Task directions:
Lines from the one containing "Срібний медальйон із" through the end of the listing are what is wanted, given again exactly with both ends included and pictures left out.

Dataset extract:
Segment Open
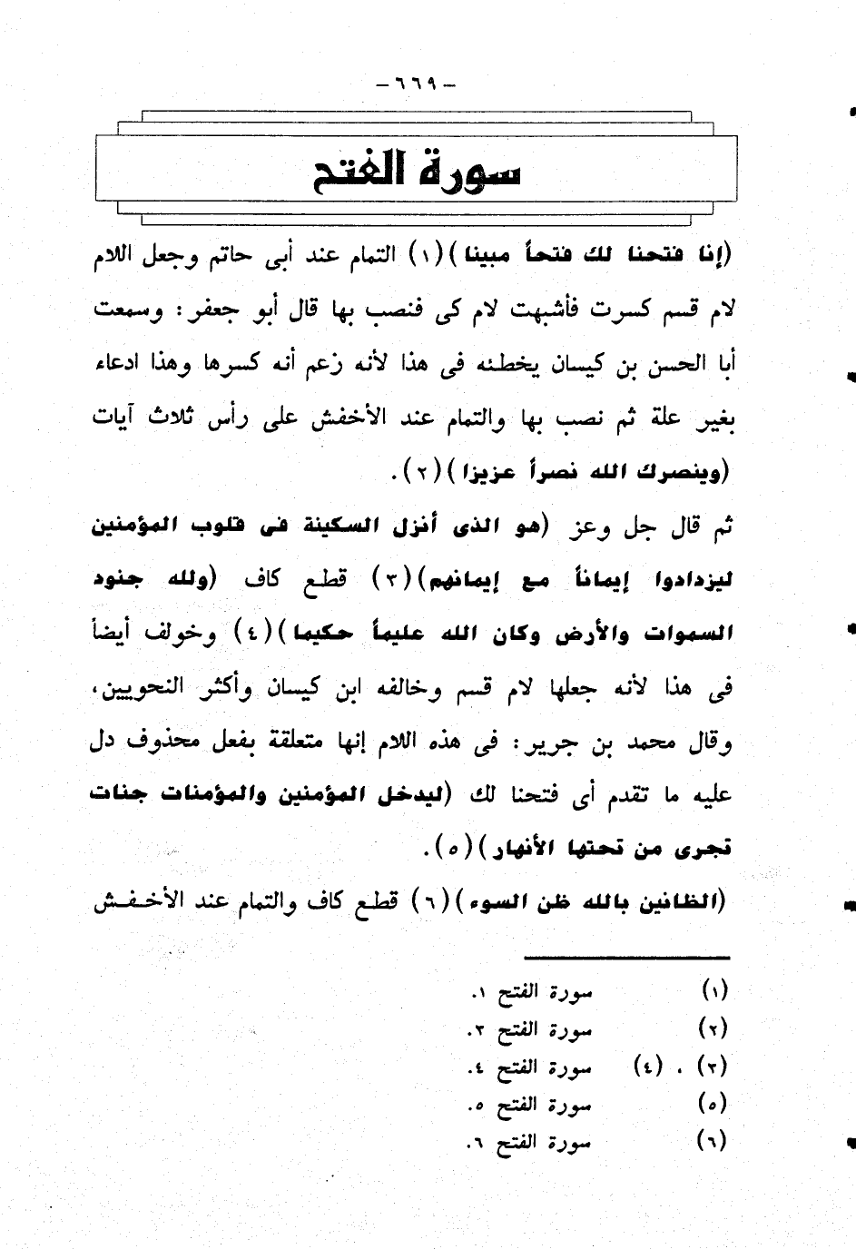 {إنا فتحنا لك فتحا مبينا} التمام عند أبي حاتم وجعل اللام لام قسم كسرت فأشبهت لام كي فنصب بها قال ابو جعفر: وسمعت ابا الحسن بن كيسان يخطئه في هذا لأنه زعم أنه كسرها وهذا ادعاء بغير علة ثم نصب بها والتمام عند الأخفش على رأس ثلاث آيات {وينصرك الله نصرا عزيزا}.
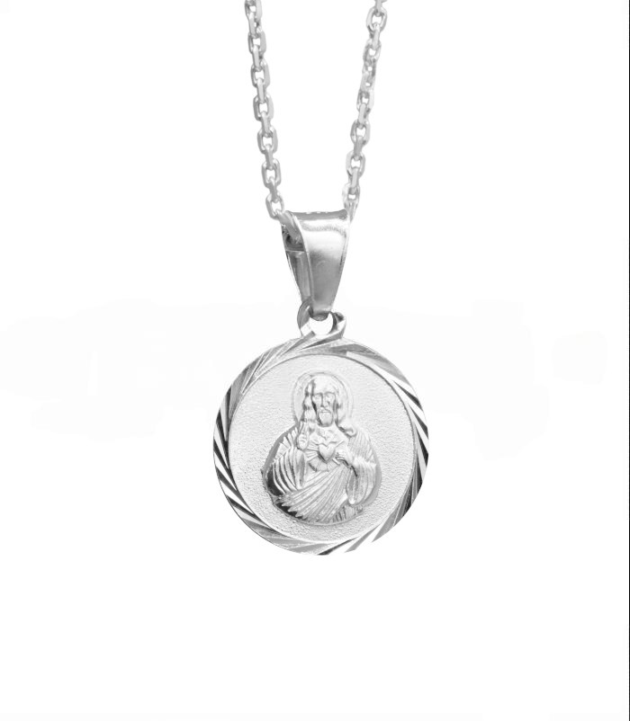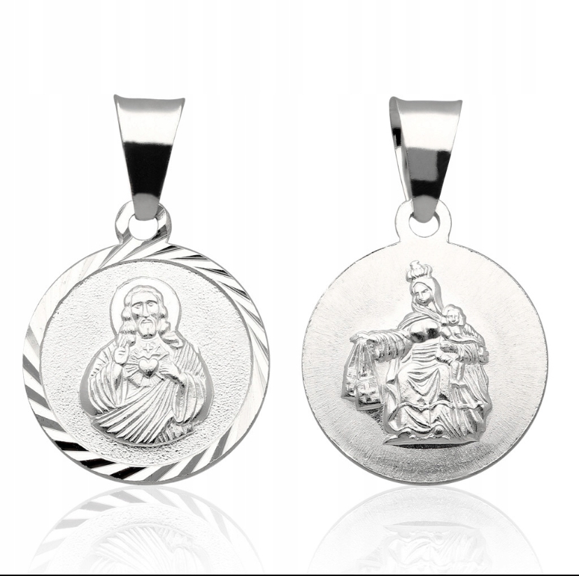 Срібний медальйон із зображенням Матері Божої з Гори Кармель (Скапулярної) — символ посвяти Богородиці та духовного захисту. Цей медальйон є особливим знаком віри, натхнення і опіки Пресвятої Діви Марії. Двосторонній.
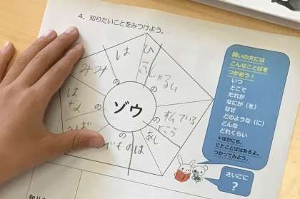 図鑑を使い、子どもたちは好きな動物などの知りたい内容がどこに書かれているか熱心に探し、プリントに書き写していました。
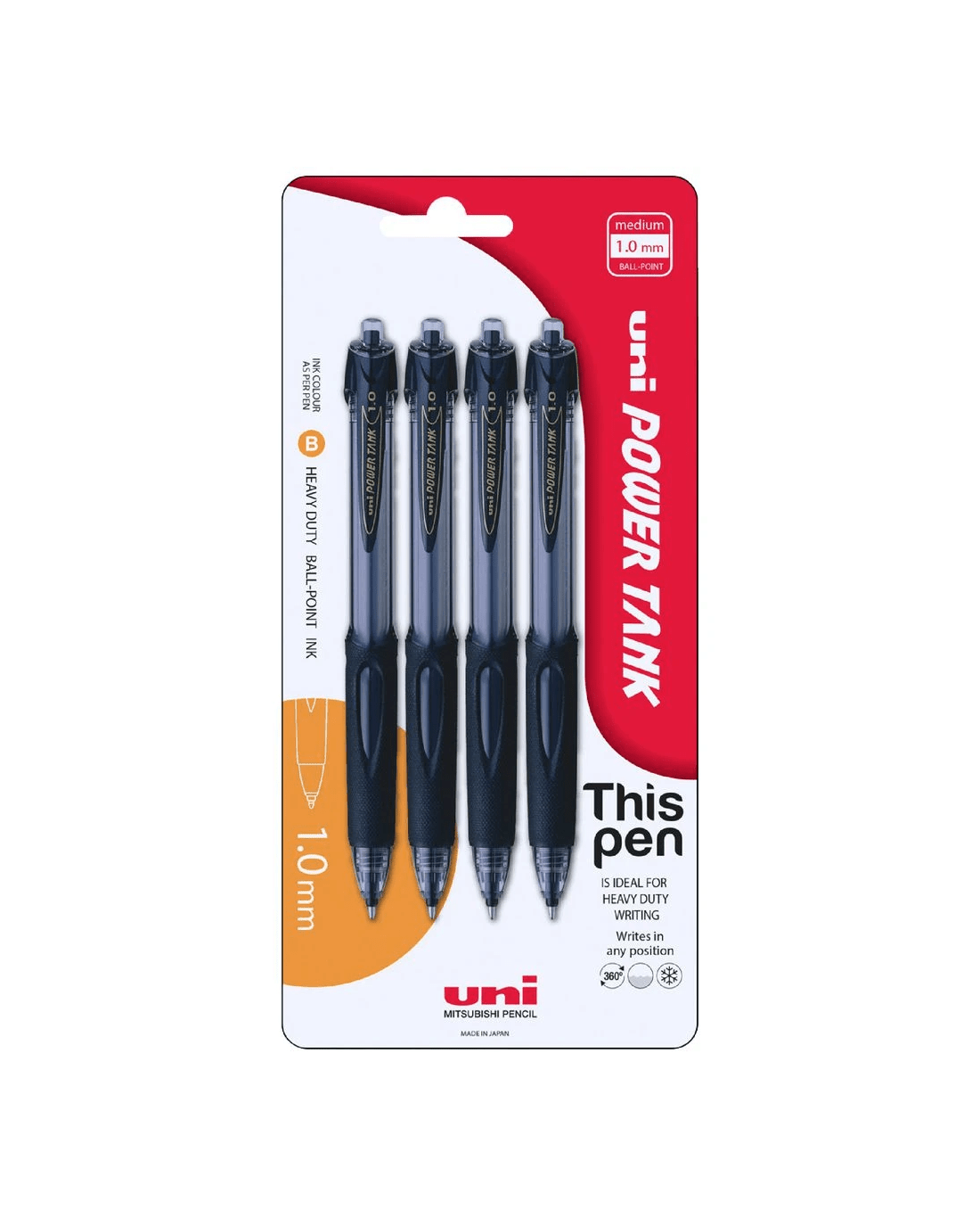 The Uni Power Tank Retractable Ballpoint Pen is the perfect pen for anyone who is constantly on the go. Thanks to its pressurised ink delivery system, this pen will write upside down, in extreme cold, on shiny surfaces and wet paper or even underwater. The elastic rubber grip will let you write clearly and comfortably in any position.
Segment Closed
Reply to the exercise:
 Срібний медальйон із зображенням Матері Божої з Гори Кармель (Скапулярної) — символ посвяти Богородиці та духовного захисту. Цей медальйон є особливим знаком віри, натхнення і опіки Пресвятої Діви Марії. Двосторонній.
 図鑑を使い、子どもたちは好きな動物などの知りたい内容がどこに書かれているか熱心に探し、プリントに書き写していました。
 The Uni Power Tank Retractable Ballpoint Pen is the perfect pen for anyone who is constantly on the go. Thanks to its pressurised ink delivery system, this pen will write upside down, in extreme cold, on shiny surfaces and wet paper or even underwater. The elastic rubber grip will let you write clearly and comfortably in any position.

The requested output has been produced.